The Take Care Project is on a mission to expand youth access to free menstrual products and personal care items in the Bennington community.
A lack of personal care products like shampoo, soap, deodorant, or tampons should never impact someone’s ability to work, learn, or play.
Building off the great work of organizations like Planned Parenthood of Northern New England and others who have been working to increase access to free menstrual products in the region, the Take Care Project is a community-driven resource that supports the health and wellness of young people in Bennington.

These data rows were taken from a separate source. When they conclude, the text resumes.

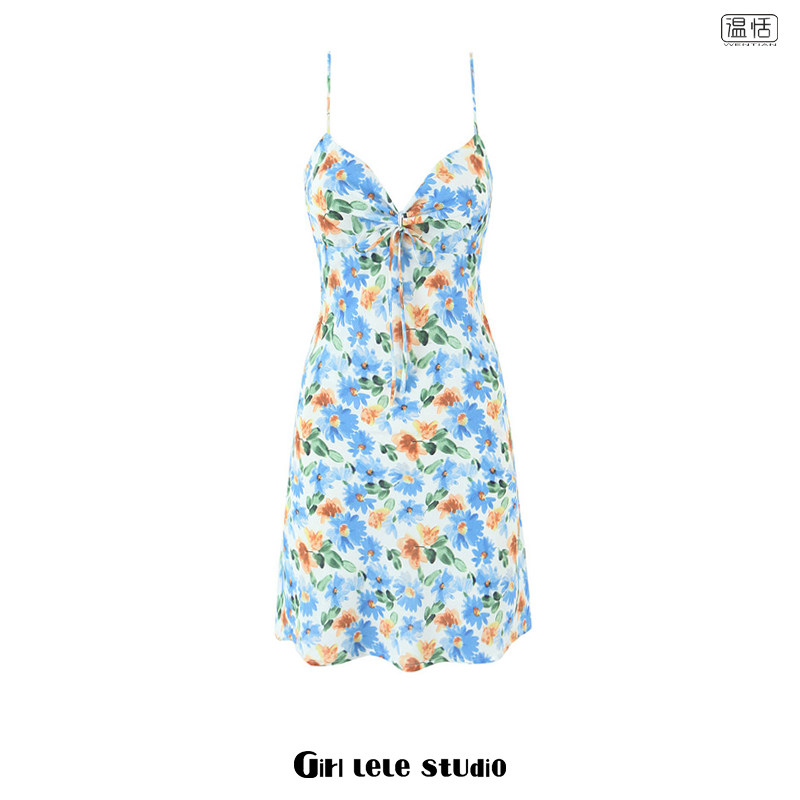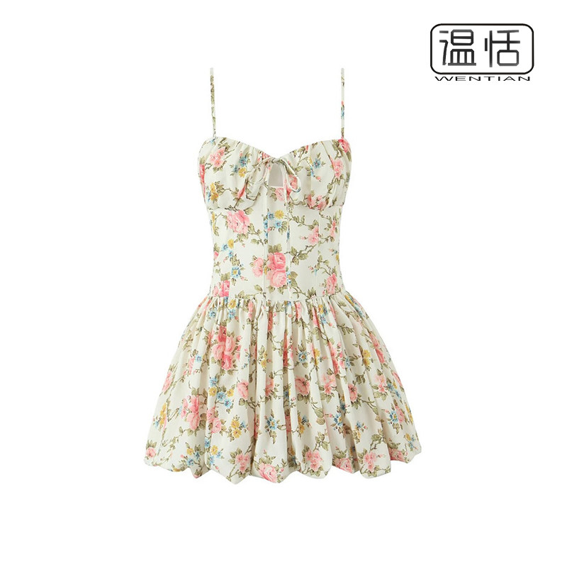 - 吊带碎花连衣裙两件套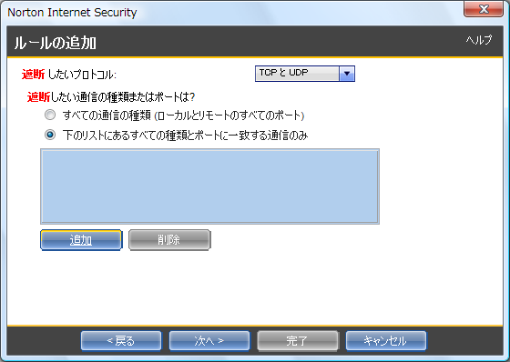 - 以下の画面に移りますので、「下のリストにあるすべての種類とポートに一致する通信のみ」をクリックしてから、[追加] をクリックします。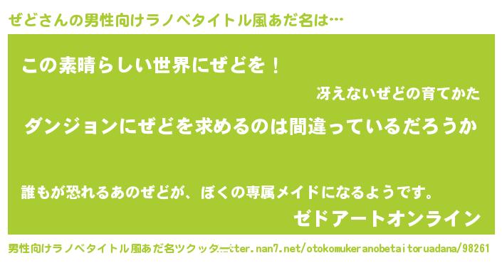 | 女子向けラノベタイトル風あだ名 | 『ぜどは平凡を望む』『ぜどの契約王妃』 |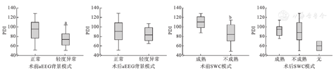 术前背景模式轻度异常的患儿PDI显著低于术前背景模式正常的患儿(t=2.082,P=0.046);术前SWC不成熟的患儿PDI显著低于术前SWC正常的患儿(t=2.331,P=0.027),见图3。
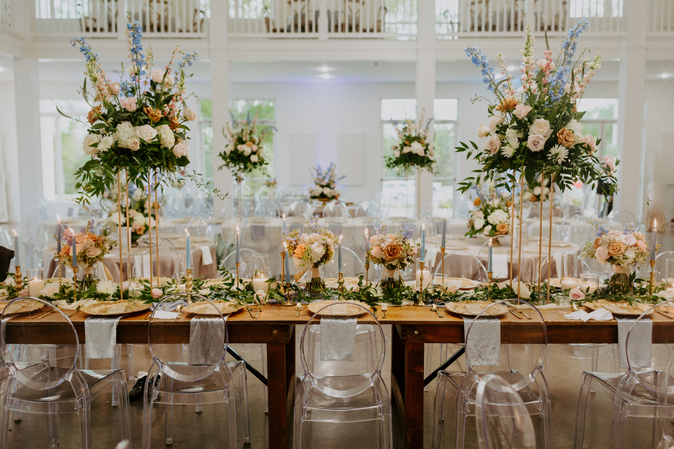 The reception transformed into an unforgettable celebration, with DJ Derrick King of King’s Productions keeping the dance floor packed all night long. The space came alive through Kelly at A Perfect Bloom’s masterful interpretation of Paula’s whimsical spring vision, creating an atmosphere of pure magic.

Need Care? Explore the map for locations and organizations in Bennington that offer free menstrual products and/or personal care items. Note: Hours and product availability may potentially be affected by holidays or other circumstances. Call ahead to locations whenever possible.
Donate to the Take Care Project
YOU can support the Take Care Project and local youth in need by donating new and unopened packages of menstrual care products (tampons, pads, liners), or personal care items like shampoo, soap, or deodorant.
Please contact us to arrange a pickup/drop off, or contribute by donating funds online or via check. Thank you!
Donate Needed Supplies from Our Amazon Wishlist
Shop our Amazon Wish List of needed items like shampoo, soap, and deodorant. Products will ship directly to us, to be distributed to local schools and organizations in the Take Care partner network.
About Period Poverty
The Take Care Project arose out of conversations with community partners and school staff about period poverty—the inability to access menstrual products like pads and tampons—and its impact on local youth.
We know that Bennington students have a need for these items, but are often embarrassed or self-conscious about asking for them when they are not made freely available in school or public bathrooms. This lack of access to period products can have significant physical, emotional, and educational impacts on young women, transgender, and nonbinary menstruators. According to the “State of the Period” study, “more than 4 in 5 teens have either missed class time or know a classmate who missed class time because they did not have access to period products.”